● Task prompt
Data follows below. Repeat exactly the lines between the line holding "3、然后再弹出的功能条中点击" and the line holding "Élégante, elle se", inclusive, and nothing more; drop pictures.

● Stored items
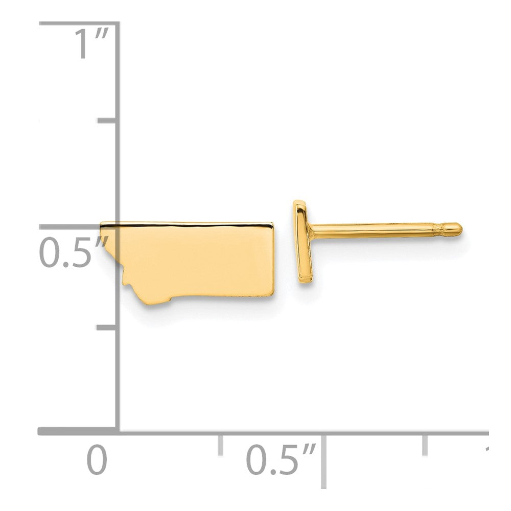The 14K Yellow Gold Montana State Earrings are a lovely way to show your love for the Big Sky State. Crafted from polished 14K gold, these earrings feature a tiny, detailed Montana map that adds a touch of charm. They measure just 6.03 mm long and 11.76 mm wide, making them perfect for daily wear. The button-style earrings have a secure post and push-back closure. Designed for women, these small earrings bring a subtle pop of gold and state pride. Handcrafted with care in Montana, the Montana State Earrings make a unique gift or personal keepsake.
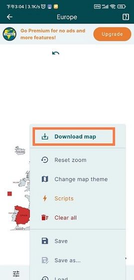 3、然后再弹出的功能条中点击选择“Download map”并给保存的地图进行命名。
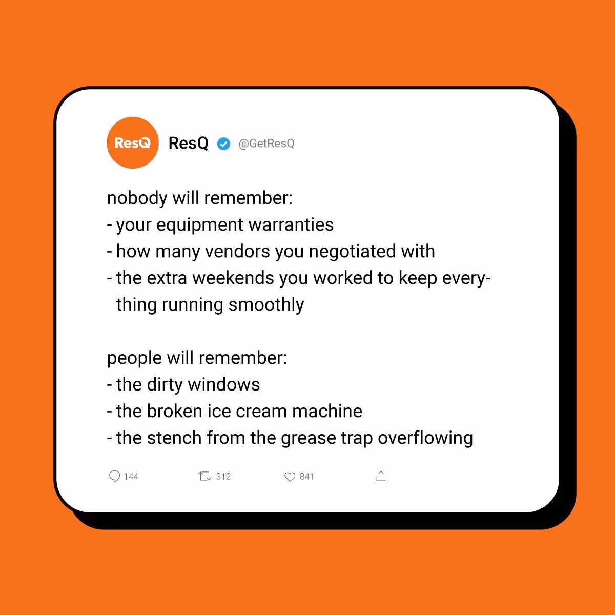 ResQ is the only facilities management platform designed to help restaurant operators to streamline their repair and maintenance operations. Trusted by 5,000+ brands, hear what operators say.
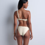 Élégante, elle se pare de touches dorées sur les hanches, en écho au fil lurex qui magnifie la matière, pour une silhouette tout en sensualité.
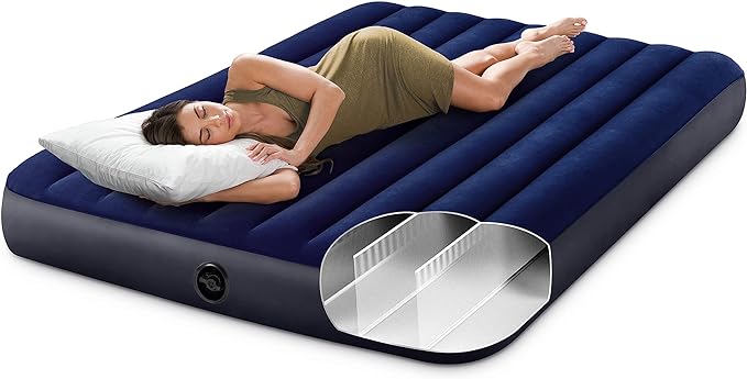 Intex 64759E Dura-Beam Standard Downy Air Mattress: Fiber-Tech – Queen Size – 10in Bed Height – 600lb Weight Capacity – Pump Sold Separately
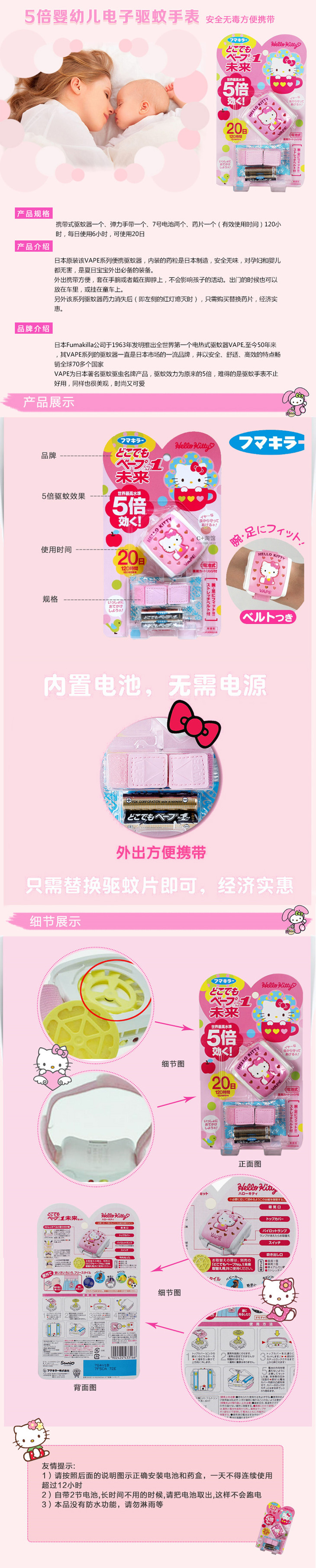 【香港直邮】日本VAPE5倍功效驱蚊手环 HELLO KITTY版
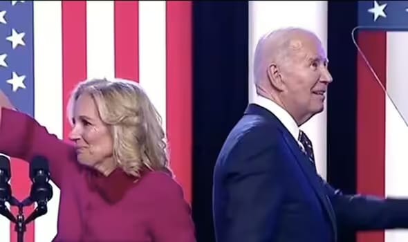 A video shared by RNC Research’s account captured a moment at the end of President Joe Biden’s speech near Valley Forge, Pennsylvania, during which he commemorated the Jan. 6, 2021,
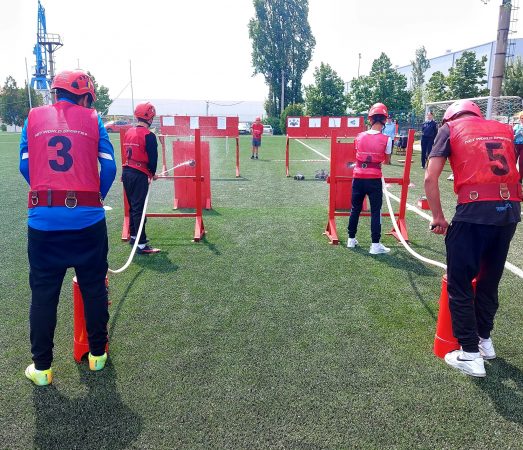 Echipajele, formate din câte nouă membri și o rezervă, au avut de trecut o probă teoretică, cu întrebări din domeniul prevenirii și stingerii incendiilor, o pistă cu obstacole și o ştafetă de 400 m, cu obstacole.
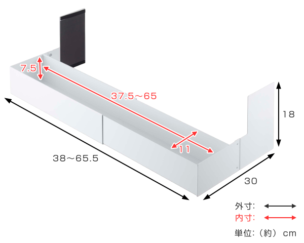 | サイズ | 外寸:約 幅65.5×奥行30×高さ18(cm) 内寸:約 幅65×奥行11×高さ7.5(cm) 伸縮幅:38〜65.5cm |
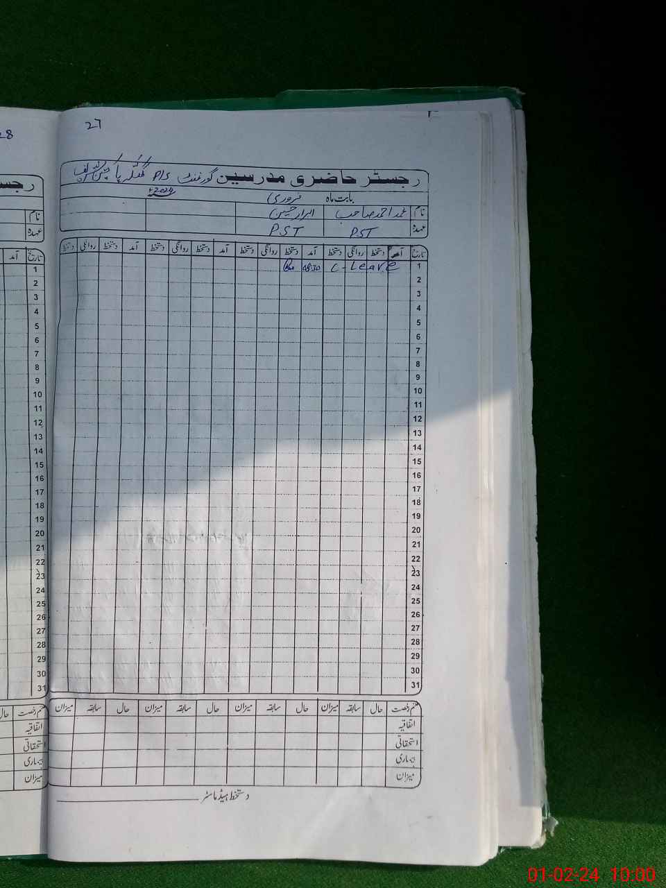 | Leave | Duty | Absent | Maternity | Medical | Ex- Pak |

● Task solution
 3、然后再弹出的功能条中点击选择“Download map”并给保存的地图进行命名。
 ResQ is the only facilities management platform designed to help restaurant operators to streamline their repair and maintenance operations. Trusted by 5,000+ brands, hear what operators say.
 Élégante, elle se pare de touches dorées sur les hanches, en écho au fil lurex qui magnifie la matière, pour une silhouette tout en sensualité.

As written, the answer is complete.